We tested the steps of the EPIC process model with serial mediation (Hayes, 2013), which allowed for tests of mediation pathways with more than one mediator working sequentially through each step while considering all previous steps in the model. For example, serial mediation first estimates the total and direct effects of exposure to identification through persuasion. A statistically significant pathway would suggest that exposure led to persuasion, which in turn led to identification. Next estimated was the path of persuasion to commitment through identification while the model controlled for the effects of the variables in the previous mediation, which in this case would be exposure. A statistically significant pathway at this step of the model suggested that persuasion led to identification (over and above the effects of exposure described earlier), which in turn led to commitment. The serial mediation worked through all steps of the proposed model in a similar manner. At any point, the statistical pathway could fail to find relationships that provide effects over and above previous steps in the model, and the serial mediation would not indicate a significant pathway. Therefore, a significant pathway indicates that each step of the model is a unique contributor to the outcome variable and that the model provides a statistical account of this process.
Serial mediation analyses did reveal a significant pathway from exposure to engagement via persuasion, identification, and commitment. The lower and upper limits of the confidence interval for the exposure→engagement pathway did not cross zero (b = 0.05, lower level confidence interval [LLCI] = 0.009, upper level confidence interval [ULCI] = 0.089), indicating a statistically significant pathway. There was a main effect of each step in the EPIC process. Exposure to active-learning principles in this course significantly predicted the likelihood that students would be persuaded of the value of these practices (b = 0.70, SE = 0.08, t = 8.63, p < 0.001). Persuasion, in turn, was found to significantly impact identification (b = 0.52, SE = 0.05, t = 10.65, p < 0.001), and identification to predict commitment (b = 0.57, SE = 0.06, t = 9.12, p < 0.001). Serial mediation accounts for each step in a pathway to account for all prior stages in a model; in this case, we found a significant main effect for commitment on engagement and an indirect impact of commitment on engagement accounting for exposure, persuasion, and identification.

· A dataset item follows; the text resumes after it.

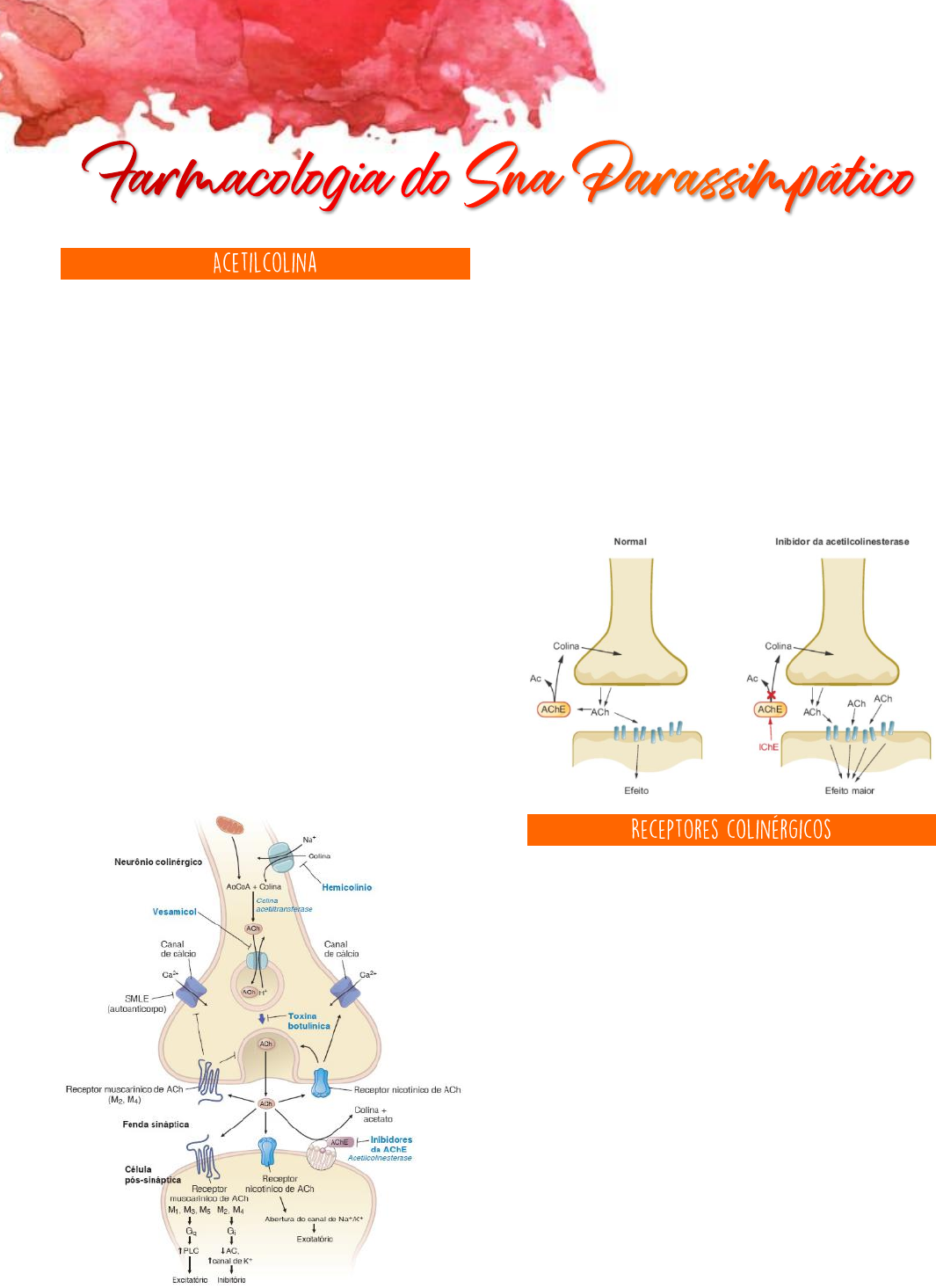Leonardo Vinícius Ribeiro Moreira BBPM III - Farmacologia A farmacologia colinérgica trata das propriedades do neurotransmissor acetilcolina (ACh). As funções das vias colinérgicas são complexas, porém envolvem geralmente a junção neuromuscular (JNM), o sistema nervoso autônomo e o sistema nervoso central. A acetilcolina é sintetizada em uma única etapa a partir da colina e da acetil coenzima A (acetil-CoA) pela enzima colina acetiltransferase (ChAT): Acetil-CoA + Colina → Acetilcolina Uma vez sintetizada no citoplasma, a ACh é transportada até o interior de vesículas sinápticas para armazenamento. A liberação de ACh na fenda sináptica ocorre por meio da fusão da vesícula sináptica com a membrana plasmática A ACh é degradada na fenda sináptica pela acetilcolinesterase (AChE) de forma rápida e a colina liberada sob sua ação é eficientemente transportada de volta à terminação pré-sináptica. Os agentes anticolinesterásicos diminuem a degradação da ACh e aumentam sua concentração na fenda sinática. Dessa forma, essa classe pode ser explorada na clínica. Uma vez liberada na fenda sináptica, a ACh liga-se a uma de duas classes de receptores, localizados habitualmente sobre a superfície da membrana da célula pós-sináptica: Receptores nicotínicos; Receptores muscarínicos. Os receptores nicotínicos são ionotrópicos, ou seja, estão ligados a canais iônicos e são encontrados principalmente na junção neuromuscular (JNM). Quando um agonista nicotínico se liga nesse receptor nessa região, ocorre a contração muscular. Leonardo Vinícius Ribeiro Moreira BBPM III - Farmacologia Já os receptores muscarínicos estão acoplados a proteína G e a transmissão colinérgica muscarínica ocorre principalmente: Gânglios autônomos; Vísceras; Musculatura lisa; Tecido glandular. Os receptores M1, M3 e M5 estão acoplados a proteínas G responsáveis pela estimulação da fosfolipase C. Por outro lado, os receptores M2 e M4 estão acoplados a proteínas G responsáveis pela inibição da adenilciclase e pela ativação dos canais de potássio. Receptores 1, 3 e 5: excitatórios; Receptores 2 e 4: inibitórios. Em geral, o receptor M1 é expresso nos neurônios corticais e gânglios autônomos; os receptores M2, no músculo cardíaco, e os receptores M3, em músculo liso e tecido glandular. Como a estimulação de M1, M3 e M5 facilita a excitação da célula, enquanto a estimulação de M2 e M4 suprime a excitabilidade celular, existe uma correlação previsível entre o subtipo de receptor e o efeito da ACh sobre a célula. A ACh se liga a receptores M2 presentes na fibra muscular cardíaca e provoca: Inotropismo negativo; Cronotropismo negativo; Dromotropismo negativo. Dessa forma, ocorre a diminuição da força e da frequência cardíaca. A ACh se liga a receptores M3 presentes nesse sistema e provoca: Broncoconstrição; Aumento de secreções (muco) na traqueia e nos brônquios. A ACh se liga ao receptor M3 presente na bexiga e provoca: Contração do músculo detrusor; Relaxamento do esfíncter interno. A ACh se liga em receptores M3 presentes no TGI provocando: Aumento da amplitude das contrações; Aumento das secreções gástricas e intestinais. A ACh se liga a receptores M3 presentes no tecido glandular, aumentando a secreção de diversos locais, como glândulas: Lacrimais; Sudoríparas; Salivares; Nasofaríngeas. A ACh se liga a receptores M3 presente nos olhos e provoca: Contração do mm. esfíncter da pupila (miose); Contração do músculo ciliar (acomodação para perto). Os fármacos colinérgicos e anticolinérgicos são usados principalmente para: Modulação do TGI; Xerostomia (boca seca); Glaucoma; Cinetose (e antieméticos); Doenças neuromusculares; Leonardo Vinícius Ribeiro Moreira BBPM III - Farmacologia Bloqueio neuromuscular agudo e reversão durante cirurgia; Bloqueio ganglionar durante dissecção aórtica; Distonias (como torcicolo); Midríase; DPOC (broncodilatadores); Espasmos vesicais e incontinência urinária; Doença de Alzheimer, disfunção cognitiva e demência. Esses agentes degradam a AChE e, consequentemente, aumentam o tempo da ACh na fenda sináptica. São divididos em: Ação curta: edrofônio; Ação intermediária: neo e fisostigmina; Irreversíveis: organofosforados e ecotiopato; O edrofônio é usado no teste de Miastenia grave, doença que afeta a JNM. O edrofônio inibe a AChE por meio de sua associação reversível com o sítio ativo da enzima e esse complexo persiste por apenas 2 a 10 min, ocasionando bloqueio relativamente rápido, porém totalmente reversível. Já a neostigmina, piridostigmina, etc. melhoram o sintoma de força muscular, pois permanece por mais tempo inibindo a AChE e aumentando a ação da ACh. Além disso, esses fármacos são usados no glaucoma, tendo sudorese, bradicardia e piora da asma como efeitos colaterais. Os organofosforados possuem usos clínicos, como no caso do etiopato, também usado no glaucoma. Porém, possui risco intoxicação (defensivos agrícolas) por terem efeitos sobre o coração e músculos. OBS: para reverter, usa-se pralidoxima, reativador da AChE. Os agonistas colinérgicos também podem ser chamados de: Parassimpaticomiméticos Isso se deve ao fato de que esses fármacos imitam a ação da acetilcolina. A succinilcolina (suxametônio) possui alta afinidade com os receptores nicotínicos e é resistente à AChE. É utilizada para induzir paralisia durante a cirurgia por meio de bloqueio despolarizante. Quando administrado, ocorre uma despolarização persistente que provoca uma dessenssibilização, porém com menor tempo de duração. Essa ação despolarizante prova fasciculação (espasmos) e dor muscular subsequente. Os agonistas muscarínicos são ésteres de colina, moléculas com carga elétrica e hidrofílicas. Possuem baixa absorção por VO e pouca distribuição ao SNC. São eles: Betanecol; Metacolina; Carbacol; Muscarina; Pilocarpina

These results indicate that persuasion, identification, and commitment are each an important component of buy-in, while higher levels of buy-in were found to positively predict self-regulated learning.
Engagement in self-regulated learning was subsequently found to impact students’ course performance, as a statistically significant relationship (controlling for gender) was found between self-regulated learning and final grade (β = 0.29, SE = 1.06, t = 4.68, p < 0.001). Results indicate that exposure to scientific teaching principles in the classroom, in conjunction with persuasion that these principles benefit student learning, an identification with scientific teaching as compatible with an individual student’s way of learning, and a commitment to participating in these learning behaviors in future courses are each associated with student outcomes relevant to course performance.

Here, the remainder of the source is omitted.